I'm looking for a way to flush all pending writes to disk in Windows, then buffer all future writes until a command gives the go-ahead.
I'd like to flush SQL Server writes and Windows system writes, then buffer both.
To be clear about what I'm doing:
I use Windows 2008 R2 and SQL Server 2008 R2 on EC2. I run an hourly snapshot on the drive these reside on. When nothing critical is changing, these snapshots come out just fine - but every now and again I get a bad snapshot. Worst-case scenario, in the event of drive failure (EBS failure technically), if I have 3 bad hourly snapshots I've lost 4 hours of data.
The snapshots already solve the fast, differential backup, and fast, easy restore - so all I'm looking for is a way to flush everything so it's in a consistent state on disk, then suspend all writes until the snapshot is complete. I'm happy to write some code for a service I call into to make this happen, but I need to know what APIs/commands I need to write against in order to get the task done.
I'm aware that I could create a separate volume which I continually run Windows Backup to and then snapshot that, but that significantly lengthens the backup process and feels like a hack. I know Windows and SQL Server are both very good at buffering writes, so this seems like something I should be able to accomplish in-place.
Ideas?
An option for you is to leverage Shadow Copy in Windows. The Shadow Copy process itself drains any write-buffers before committing its own snapshot. Schedule it to take a snapshot a minute or two before the EC2 snapshot. That way when the EC2 snapshot fires you have a recent, consistent copy already in the system.
I can't answer about how to lock the disk so Windows doesn't write or force the flush so this will be a half answer, but there is one relevant piece of information your question doesn't note:
The ec2-snapshot process is instantaneous. You don't have to wait for it to finish! Once you start it, you can start using your disk again and the snapshot will still get the data at the point of the snapshot, not the current state. This happens because once you tag it for snapshotting, all NEW data written to the disk is queued in a kind of overlay disk and the data at the time of you asking for a snapshot is preserved.
That should make it easier for your other problem. All you need to do is flush to the disk to get everything consistent, then pause for a couple seconds while you make sure the snapshot API returned a success code so you know the process kicked in, then you can go back to your writing.

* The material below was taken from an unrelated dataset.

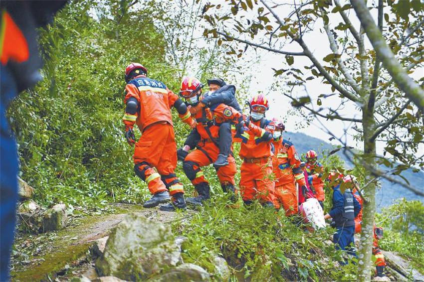 救援隊員協(xié)助紫雅場村最后一批村民下山,他們隨后將通過水路轉(zhuǎn)移至設在得妥鎮(zhèn)場鎮(zhèn)的受災群眾安置點。 四川日報全媒體記者 楊樹 攝

I'm going to add a separate answer to address some of your comments. VSS is a good way to go if you're trying to quiesce the data. In fact, MSFT DPM uses that subsystem to great effect with SQL from what I understand. Of course they had dedicated teams to hash things out.
VSS won't screw SQL up, but it can (and has) interfered with SQLs native backup methods (see my answer to a question here for some more insight). You need to be very aware of what you are trying to accomplish, what VSS is doing, and whether or not the two are coinciding.
You can write something to call the VSS APIs natively (don't ask me how, I'm not a developer), or you can use something like vshadow.exe to make and manipulate shadow copies for you. Vshadow.exe is available in the MSFT SDK; make sure you get the right version for your OS.
Depending on your SQL recovery model, SQL will react differently when VSS is called. It's been a while since I've dealt with the nitty gritty of SQL and VSS, but from what I remember if you have Simple Recovery Model set, the logs will truncate when VSS is called. In Full and Bulk-Logged, this will not be the case and you'll need to do something to manage the size of the logs.
And you probably know this, but test, test, test. Your snapshots are only good if you can actually restore from them.
I'm not an EC2 expert by any means but, outside of EC2, if you want to create consistent backups using storage snapshots you have to quiesce the filesystem before the backup is taken.
The SQL Writer Service must be running (see http://msdn.microsoft.com/en-us/library/ms175536.aspx for more information on the SQL Writer Service), and then the backup would use the VSS COM APIs to freeze IO, take the snapshot then thaw it again (lots of detail here: http://msdn.microsoft.com/en-us/library/aa384589%28v=vs.85%29.aspx).
SAN vendors generally integrate calls to the VSS API into their snapshot routine and this would be done via an agent running on the server.
I can't answer whether EC2 actually does this call for you, or whether it is something you would need to write yourself (use the VSS APIs to freeze IO, then call the EC2 API to take the snapshot), but hopefully my answer gives you a few pointers.
AutomatiCloud does exactly what you are looking for. It has an optional VSS-agent that uses the VSS snapshot-provider delivered by MS-SQL, MS-Exchange or others.
During backup it freezes/redirects I/O on the disk(s), triggers the EC2 snapshot and then allows I/O again.
The whole process is controlled in an easy to use windows GUI without any need for scripting.